> [Your task] Would you give again, exactly as written, the lines from the opening of the records to the line with "Internet och gps", that line included and pictures excluded?

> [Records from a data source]
——

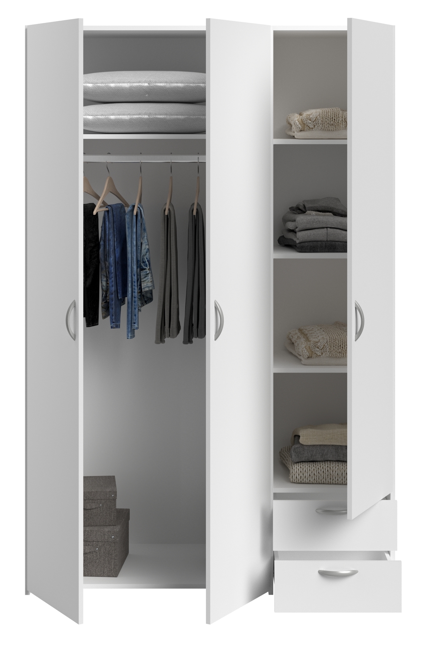 links: 2 große Türen, dahinter 1 Fach und 1 Kleiderstange
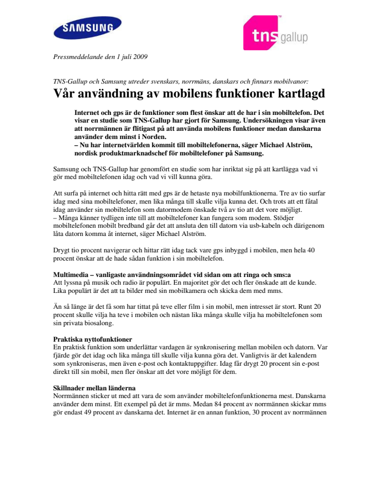 Internet och gps är de funktioner som flest önskar att de har i sin mobiltelefon. Det visar en studie som TNS-Gallup har gjort för Samsung. Undersökningen visar även att norrmännen är flitigast på att använda mobilens funktioner medan danskarna använder dem minst i Norden.
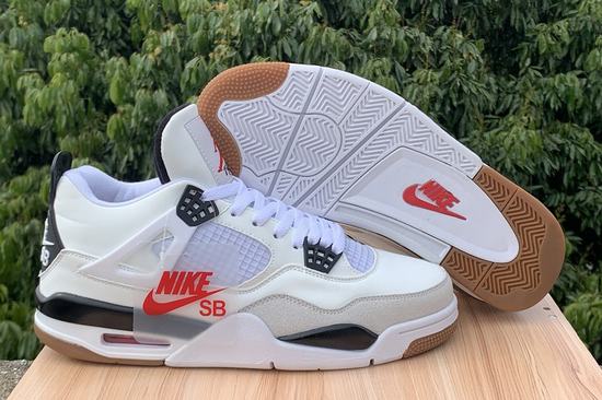 In addition, the SB x Air Jordan 4 classic Jumpman Logo, gray suede overlay and rubber outsole. The SB x Air Jordan 4 shoes are made of milky white leather fabric for the upper, and the toe edge is made of gray to make the overall shoe more three-dimensional. Creamy white midsole finished off with matching outsole. The SB Logo is printed on the heel of the shoe, and finally with the front and rear raw rubber outsole, highlighting the functionality as a skateboard joint shoes.
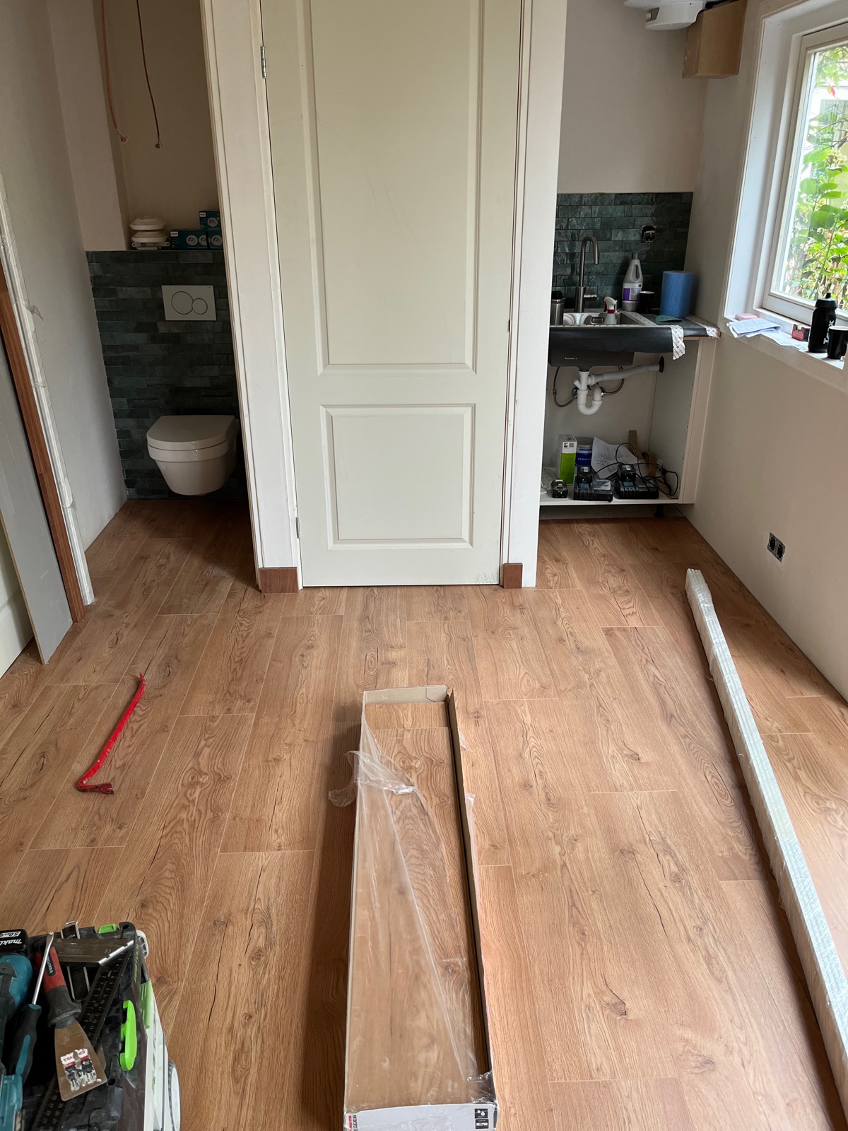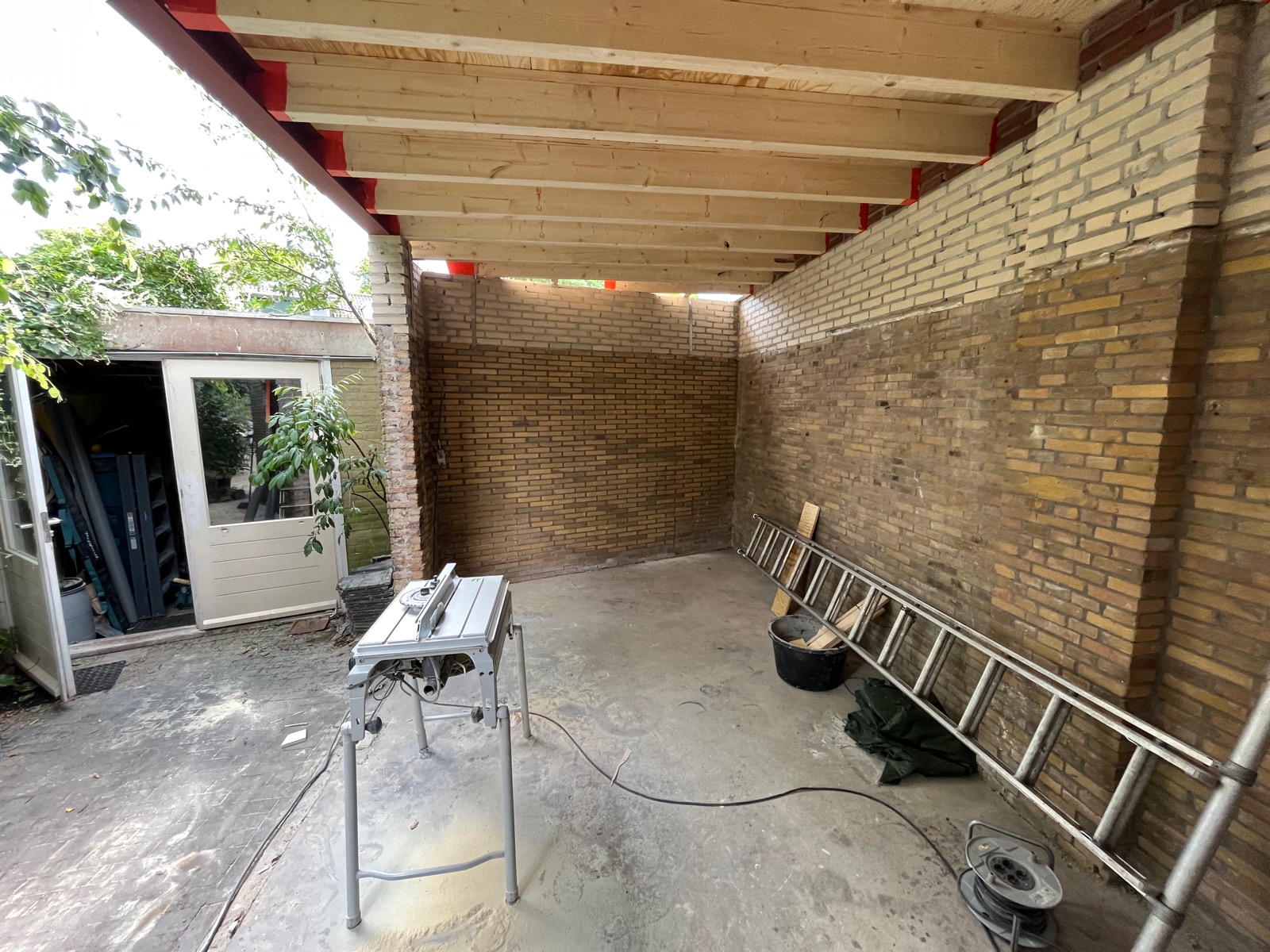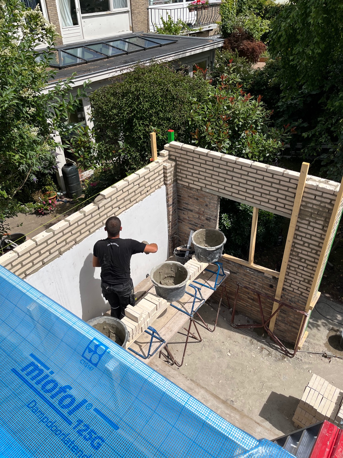 Bij een prachtige woning in Utrecht de garage omgebouwd tot een woonruimte. Hiervoor hebben we een grote hoeveelheid werk moeten verzetten. Zoals het aanleggen van nutsvoorzieningen, nieuw plat dak inclusief verhoging, een toilet, een douche en een klein keukenblokje.
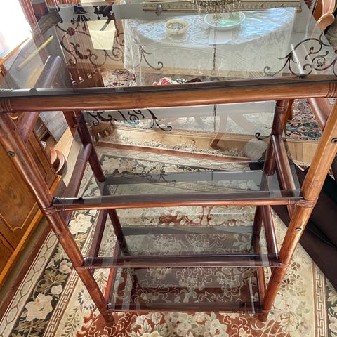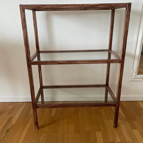 Hylla i mässingsfärg o marmorskivor från Madam Stoltz
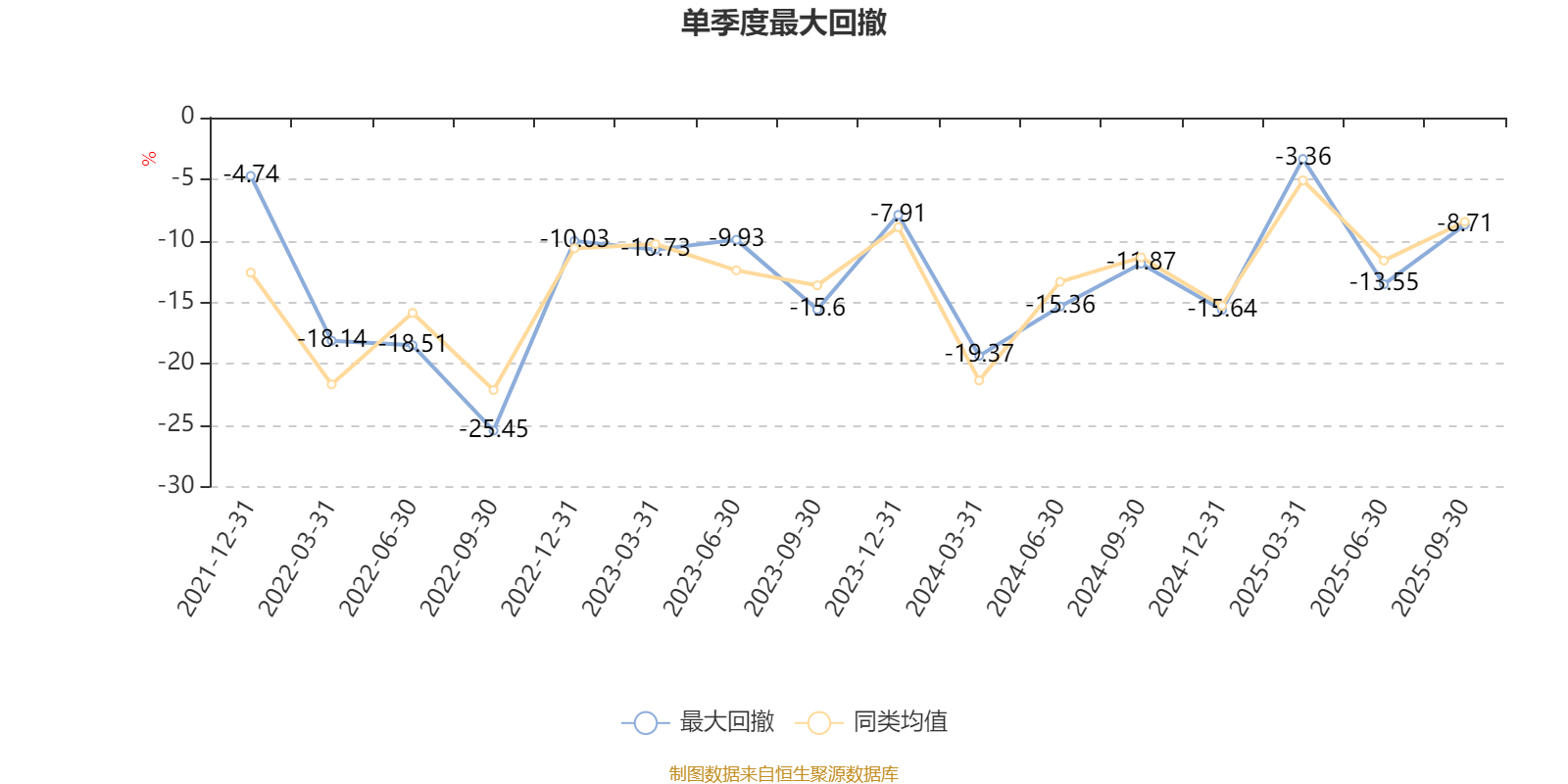 截至10月27日,基金近三年最大回撤为39.22%,同类可比基金排名23/48。单季度最大回撤出现在2022年三季度,为25.45%。

——

> [Reply]
 links: 2 große Türen, dahinter 1 Fach und 1 Kleiderstange
 Internet och gps är de funktioner som flest önskar att de har i sin mobiltelefon. Det visar en studie som TNS-Gallup har gjort för Samsung. Undersökningen visar även att norrmännen är flitigast på att använda mobilens funktioner medan danskarna använder dem minst i Norden.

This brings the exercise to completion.